Oh god, this beer is good. It's like a blessing. Just got home from working second shift, I stayed late, talking to one of my favorite co-workers about the fact that I am officially going to start looking for a new job. I've been pushing the thought left, right, up, down, back... but it keeps pushing forward. Today, as I started to talk to my sister about it, it became hard. It became real. It crystallized, like a symmetrical snowflake. "I can't do it anymore."

And so, yup, the search is on, and I have to accept it may be really tangled and weird and may involve keeping a tether tied to this particular program, and will in all probability involve maintaining employment within the same agency, just something with less... accountability? No, that's not really it, because I'm a highly accountable person, and a prideful worker. No. Ok... it could be this simple: paperwork? I have never been a paperwork person. And I have soooooo frickin' much of it here, and every speck of it is intimately tied to a person. And this stresses me out. To hell.

So I may end up trying to find a position as a residential assistant, which is still very hands-on with clients but with about 90% less paperwork. And the same rate of pay. Another brainstorm I had two days ago was to look into starting my own cleaning business. Office and maybe residential. Just work for myself to start, get it all legal and insured etc., set my own hours (!) etc., be my own boss (!!!) etc. It's a definite maybe and something I plan to do a lot of research on in the coming days and weeks.

Last night two of my (male) buddies were over, and as we talked about this proposed plan, of course the talk quickly turned in the direction of offering "special services", and what sort of attire would be appropriate (mini-skirts etc.) At one point my friend suggests that my motto should be "We'll do what your wife won't." We all obviously erupted in loud cackling after that.
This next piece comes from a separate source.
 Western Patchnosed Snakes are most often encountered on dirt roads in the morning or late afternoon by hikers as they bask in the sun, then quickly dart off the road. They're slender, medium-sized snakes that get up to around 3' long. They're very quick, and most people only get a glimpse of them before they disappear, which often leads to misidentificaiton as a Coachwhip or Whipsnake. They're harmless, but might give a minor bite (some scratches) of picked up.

But seriously, I'm serious. I feel stuck, trapped, and not very much in control of my time, and it's bugging me, to put it mildly. So often I come home from work totally drained, depleted, and feeling guilty that I couldn't /can't:
a. do more at work and/or
b. do more at home.

I just realized the appropriateness of this post, considering the holiday. I really do believe in the value of work, and of a certain amount of structured time. I obviously need money to live, but money does not, and has never, motivated me. I'm finding what I am craving is simplicity in vocation. I want a job that I can complete, in a set time, and see a result. I love physical work, but have felt cursed most of my adult life by having to dance around this muscular disorder that prevents me from pursuing many things I think I would really enjoy and excel at. It's so hard to explain without going into great detail, I mean, the many subtle ways the disorder affects me, but suffice to say I know my limitations, and they're not insignificant. I am willing to push myself, but not in the service of other people, people who are relying on me and paying me to perform.
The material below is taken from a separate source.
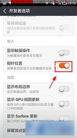 2)在开发者选项中,取消【指针位置】即可。(如下图)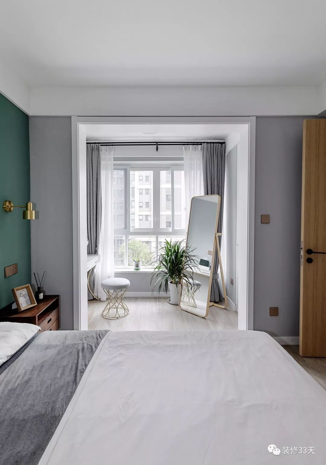 ▲ 次卧灰色的墙面,原木的家具,冷暖对比,床头金色点缀的小吊灯趣味满满

This conflict is like a centerpiece, a keystone to not just my working life, but my life. It's a psychological and phsyiological puzzle, and not one that can be answered with platitudes or feel-good mantras. There's nothing obvious about it, not to me, and anyone else that thinks they know, well they simply don't. Where am I going with this? Just trying to sort some shit out, that's all.
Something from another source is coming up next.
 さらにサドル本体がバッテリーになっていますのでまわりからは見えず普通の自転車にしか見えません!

On a completely unrelated note, I did take some naked upside down pics on the batgirl device. They're, um... interesting. But very naked. But not very, very naked. The device covers the pelvic region. I might post one. If anyone has a problem with boobs let me know. I just read that men who stare at them for 10 minutes a day live an average of 5 years longer than men who... I dunno, navel-gaze?

Happy Labor Day!

49 Comments:

Blogger INNER VOICES said...

new job search, always nerve racking, but you have been talking about this for a while...
what about a "cleaning service" that does everything your husband won't do! get your buddies into it as well. cater to peoples special needs an both sides of the gender spectrum? heheh just a thought!
the bat suit machine still cracks me up, is it working?

11:49 AM  
Blogger durablemater said...

Figuring out what i want to do with my life has been a source of befuddlement many a time. Even now, when I have a definite vocation in mind (nursing), it's not simple. What *kind* of nurse do I want to be? I will never settle for just being a "oh whatever they wanna hire me for" nurse. No, I have to have PASSION. bleh. :P Oops, sorry, this has now turned into a Sarah-whine! I guess I just mean to convey that I hear you.

And I'm not squeamish about breasts. I have some. And this semester in class, I have to assess them and see if they are producing milk well. And teach them how to attack a baby to themselves. Because you know, I know SOO much about that. Aghhh! hehe!

12:09 AM  
Blogger durablemater said...

"attach" not attack....although I suppose it sorta feels that way the first couplea times! :-D

12:09 AM  
Blogger Black Egg said...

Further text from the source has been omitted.